Cerita ini bertemakan Keraton Sentris dengan berlatar tiga kerajaan yaitu Kerajaan Koripan, Daha dan Pejarakan yang penuh plot twist sehingga perlu ditelisik, dicermati serta dimaknai dengan baik.
Drama Gong Sancaya Era Baru | Foto: Meisa Wulandari
Secara sederhana, proses kreatif penggarapan Drama Gong ini sebagai media transfer pengalaman dan pengetahuan tentang segala aspek pertunjukan yang dilakoni oleh masing-masing tokoh, dengan menelusuri kemungkinan penggalian ekspresi artistik melalui potongan-potongan adegan sehingga memunculkan emosi otentik.

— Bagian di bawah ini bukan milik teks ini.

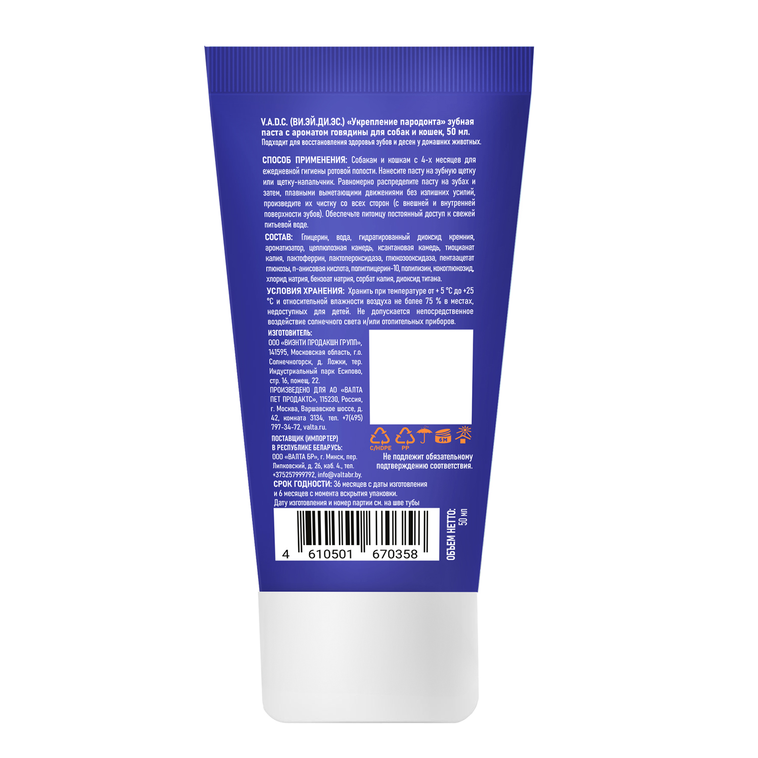 Формулы зубных паст V.A.D.C. разработаны в России совместно с Иваном Николаевичем Макаровым — главным врачом ветеринарной клиники «Джунгли», кандидатом ветеринарных наук и членом European Veterinary Dental Society. Продукция производится на передовом предприятии по разработке инновационной косметики в России, что гарантирует высокое качество и соответствие современным научным стандартам.
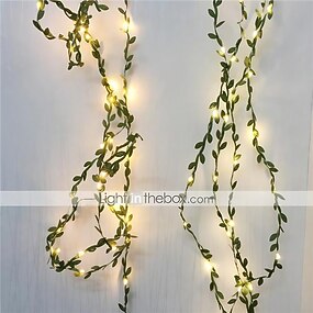 элегантная гирлянда из маленьких зеленых листьев на свадьбу, 5 м, 50 светодиодов, гирлянда из медной проволоки для домашнего декора, теплый белый цвет (работает от батареек, батарейки в комплект не
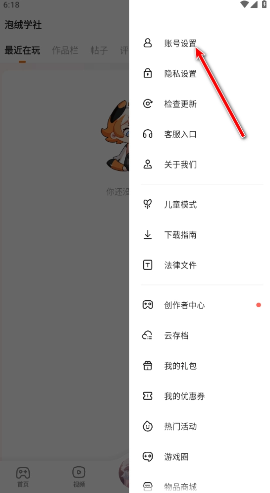 2.点击账号设置。

Tujuannya untuk membawa penonton seakan-akan terbawa dengan situasi yang dipaparkan. Bagi Yudani, setiap proses penciptaan adalah pembelajaran. “Saya kuak satu fakta menarik yaitu setiap pijakan dan percakapan antara kami seolah menjadi guru tanpa ruang kelas, saya menyadari bahwa jalan-jalan baik juga harus mulai kita tulis sendiri khususnya sebagai generasi penerus Bangsa ini,” katanya.

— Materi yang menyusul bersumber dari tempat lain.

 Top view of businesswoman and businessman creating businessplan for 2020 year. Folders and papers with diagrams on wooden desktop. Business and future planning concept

Ruang kolaborasi terbuka bagi mereka yang tumbuh. Banyak nama kolaborator dalam jajaran tim kerja yang terlibat.
Ada sekitar 19 orang seniman yang namanya sudah terkenal sedari dulu seperti I Nyoman Subrata alias Petruk, Sang Ketut Arsa alias Perak, Sang Made Juni Putra alias Blauk.
Adapun Raja Buduh diperankan oleh Dewa Ketut Sabar. Pemeran di kerajaan Koripan adalah Ni Ketut Yudani, Dewa Anom Putra, Gede Yulia Wardana, Sang Ayu Tirtawati, Gunada, I Nyoman Sukarya, Gusti Putu Tinggal, I Wayan Kajeng.
Sedangkan peran di Kerajaan Daha oleh Wayan Wirya, Jero Nengah Madya Yani, Ni Wayan Sirat. Pemeran Patih Anom adalah Mangku Sugiarta dan pemeran Patih Agung adalah Jhon Babe, I Dewa Nyoman Oka dan Sang Ayu Ganti sebagai liku. Iringan tetabuhan oleh Sekaa Gong Putra Jelantik, Banjar Apuan Kaja.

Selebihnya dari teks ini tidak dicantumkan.